You might already know about phishing — those scammy emails pretending to be your bank or boss.
Now imagine that same scam, but with a real human voice on the other end of the phone. That’s vishing.
“Voice” + “Phishing” = Vishing
Attackers use live phone calls to:
- Sound trustworthy or urgent
- Pretend to be someone official (like IT support)
- Trick you into handing over sensitive info
And trust me, it works way better than you’d expect. Because we naturally trust people more on a call than in an email.
How the Cisco Hack Went Down
Here’s the step-by-step of what actually happened:
1. The Hook
A Cisco employee gets a call from someone claiming to be from internal IT support.
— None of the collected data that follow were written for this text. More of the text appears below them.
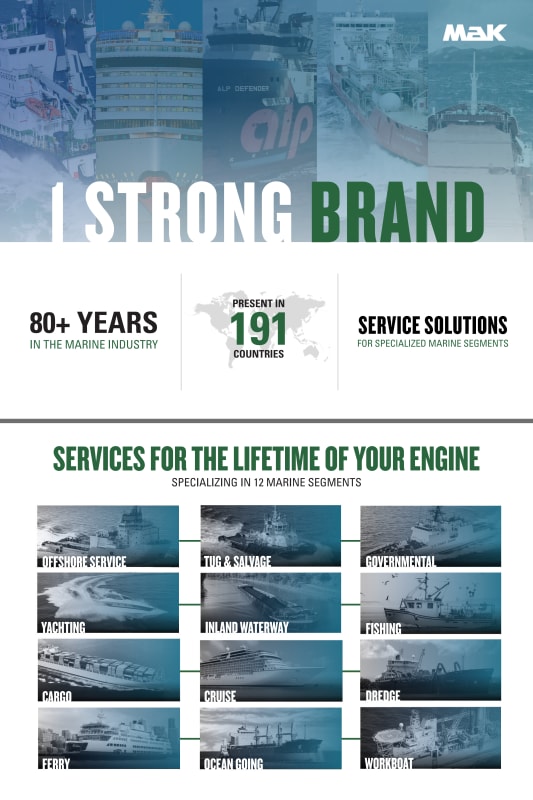 Caterpillar Motoren, with headquarters in Kiel, Germany, offers premier parts and services for a wide range of marine, oil & gas and electric power applications. With decades of experience designing medium speed engines (MSE) parts and service solutions, our products set the standard for quality, performance, and reliability. Our trained and certified technicians and service engineers offer a variety of solutions for our customers with their expertise. Caterpillar Motoren is committed to providing services for the entire lifetime of its customers’ engines, bringing them operational success. As part of our commitment to performance, we continuously strive to be the leading provider of total lifecycle value, delivering sustainable products, engines, components, services and solutions of exceptional quality and performance, unsurpassed reliability, and unparalleled support. Sustainability is very important to us, which is why we promote upgrades for engines in operation together with our dealer network. We also support customers in achieving their climate-related goals so that they can improve their environmental footprint. Our global dealer network supports you anywhere – worldwide. To find your local dealer, please visit https://www.cat.com/en_US/by-industry/marine/mak-dealer-locator.html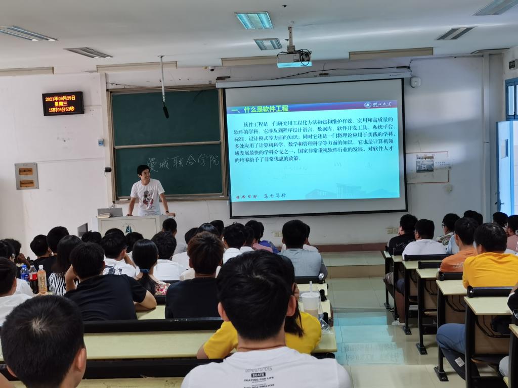 永利yl23455于9月29日15:00在教四楼开展了新生专业思想教育。材料科学与工程专业负责人夏晓红、电子信息工程专业负责人李璋、软件工程专业负责人曾张帆分别对各自专业的员工进行专业指导,联合公司2021级全体新生参加了此次活动。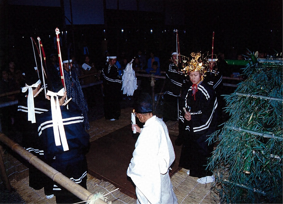 「厳島」「大仏供養」「石橋山(いしばしやま)」の三番が伝承されている。若者達は本殿下の舞台に立ち並び、台詞の順番と役名が告げられると名乗りを上げ、続けて会話体につづられた長い物語の詞章を謡うように語る。物語の登場人物を一人一役で語る。語りの最後には「フショ舞」が舞われる。演者の一人が扇をかかげ、足踏み強く舞う。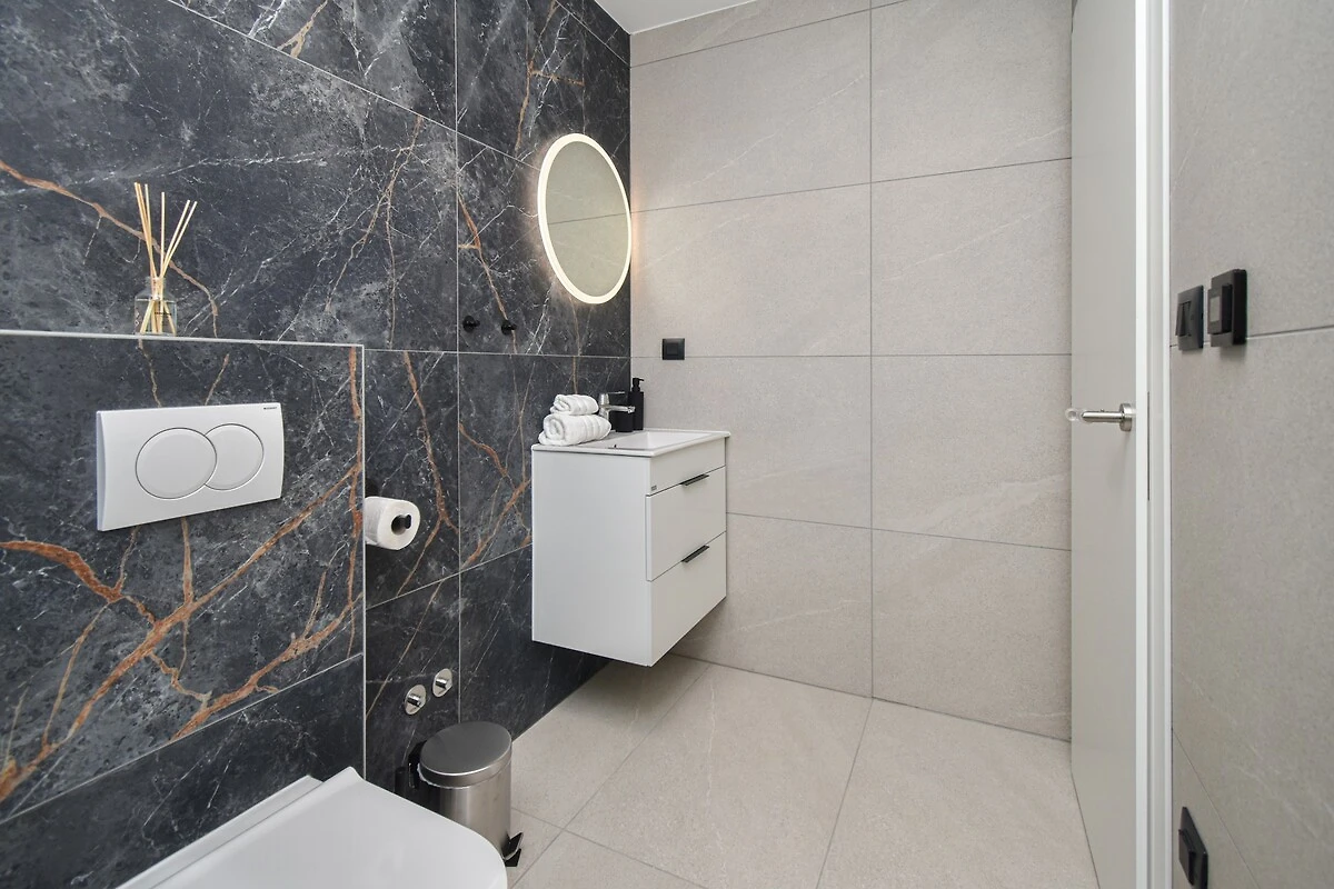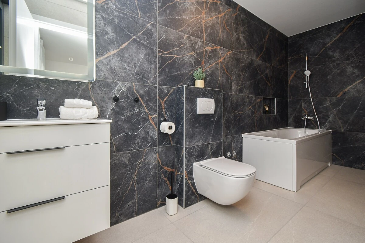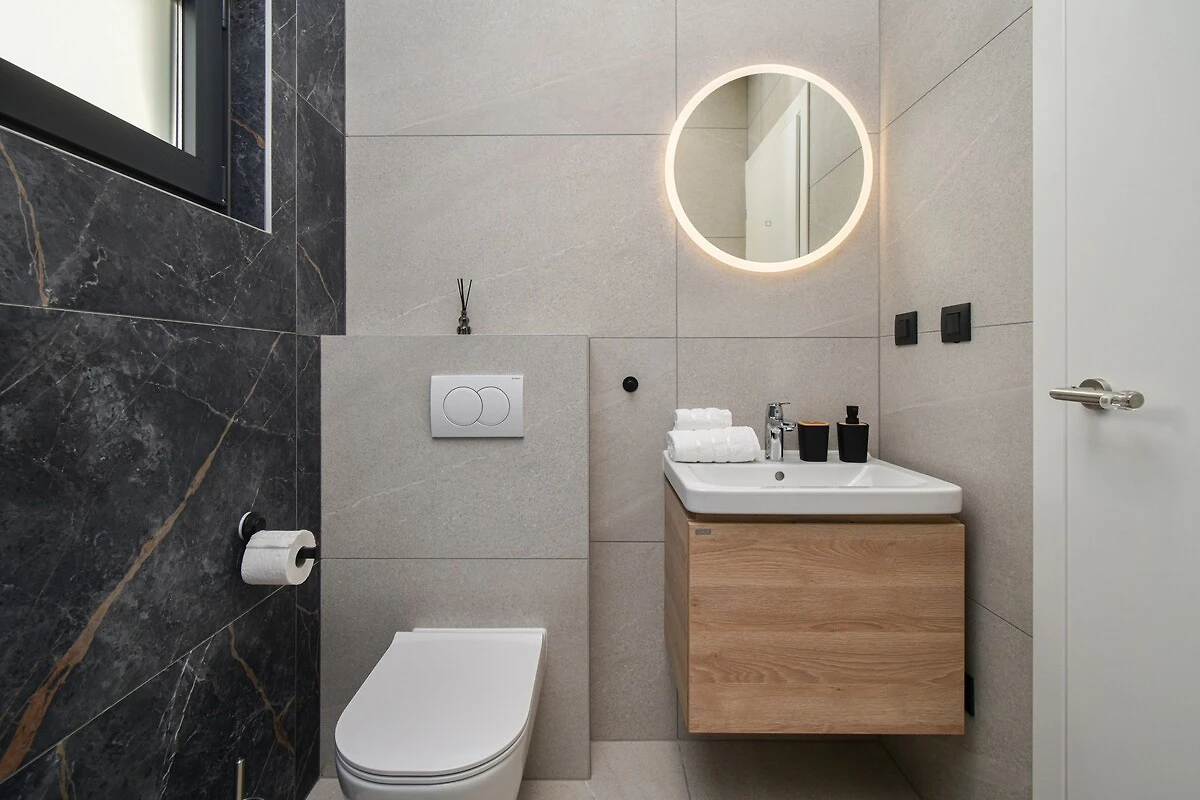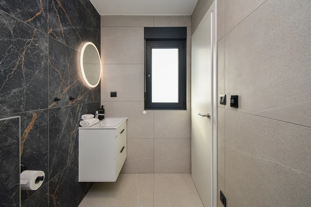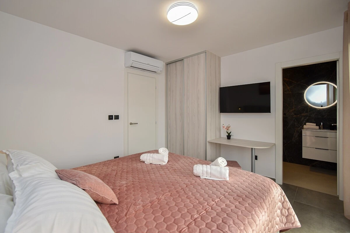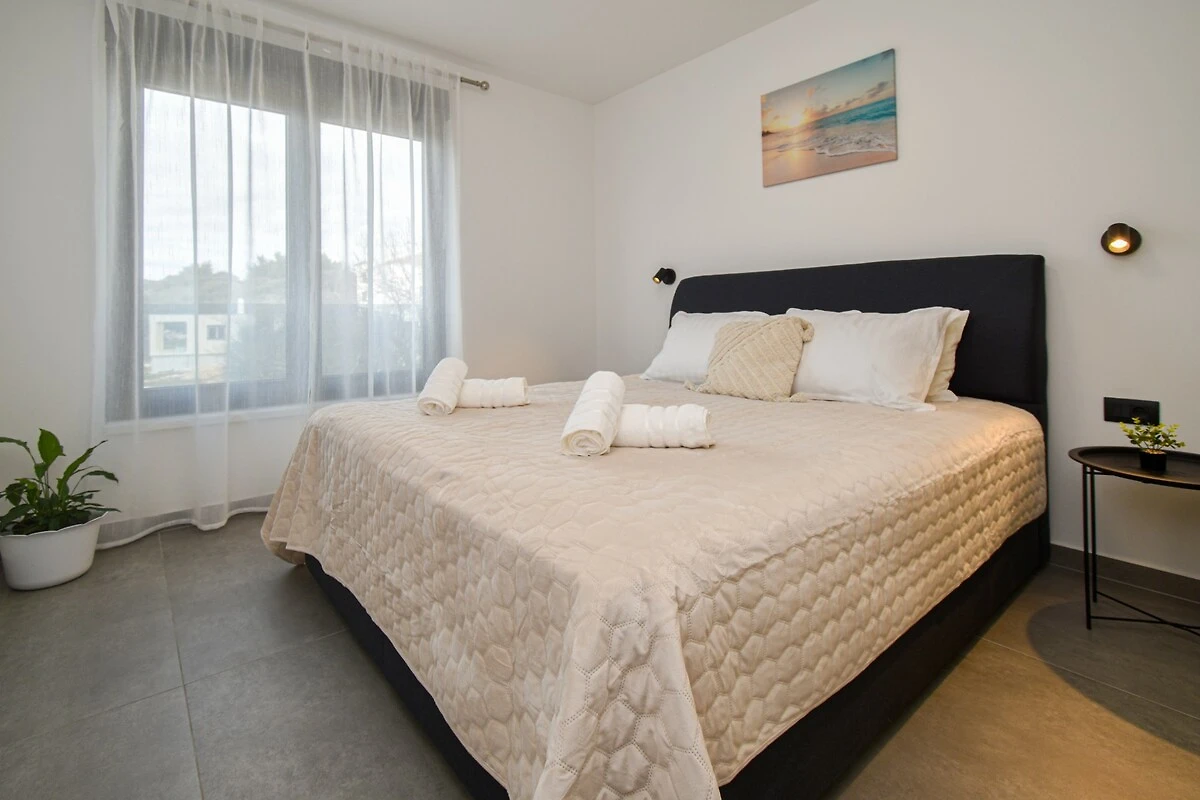Im Erdgeschoss der Villa befindet sich ein geräumiges und modern eingerichtetes Wohnzimmer mit einem Schlafsofa, auf dem eine zusätzliche Person schlafen kann, eine voll ausgestattete Küche, ein Esstisch, ein Badezimmer sowie ein separater Abstellraum mit Waschmaschine und Trockner. Das Haus ist vollständig klimatisiert.

Not a bot, not a voicemail — a real person.
2. The Pretext
The attacker tells them there’s “suspicious activity” on their account. The tone? Polite, urgent, confident. Just enough to make you act without thinking.
3. The Slip
The employee gives up their username and password. But Cisco had multi-factor authentication (MFA), right?
Yes. But the attacker then sends a barrage of MFA prompts and convinces the employee to approve one.
This is called MFA fatigue or push bombing. Flood someone with prompts until they accidentally or lazily hit “approve.”
4. Access Granted
Boom. The attacker is in. From there, they explore the network, snoop around, maybe plant some tools. It could’ve been much worse.
What We Can Learn (And Should Act On!)
This isn’t just a Cisco problem. It’s our problem.
✅ 1. Train for Skepticism
Your team is your first line of defense. Help them spot:
- Fishy phone calls
- Urgent tone red flags
- Any request for credentials over phone or chat
✅ 2. Create a Call-Back Rule
Simple rule: If someone calls about a “security issue,” hang up and call your IT desk directly.
Make this part of your culture. Print it. Slack it. Tattoo it. (Okay, maybe not that.)
✅ 3. Defend Against MFA Fatigue
People should only approve MFA prompts they initiated. Anything else? Deny and report.
✅ 4. Limit Access
Use the least privilege principle: only give employees access to what they absolutely need. That way, even if someone gets hacked, the damage stays small.
Cisco’s Response
To their credit, Cisco didn’t hide this.
- No customer data or critical systems were compromised.
- The affected account was locked down immediately.
- Their security team launched a full investigation.
Still, it was a reality check.
Final Thoughts from Me
We’re all racing to use the best firewalls, AI tools, encryption, and whatnot. But none of it matters if one distracted person gets tricked into opening the front door.
We love to talk about zero-trust security models, but we forget the most basic part:
Trust no call. Trust no prompt. Trust, but always verify.
Whether you’re a startup or a giant like Cisco, the weakest link is always going to be us.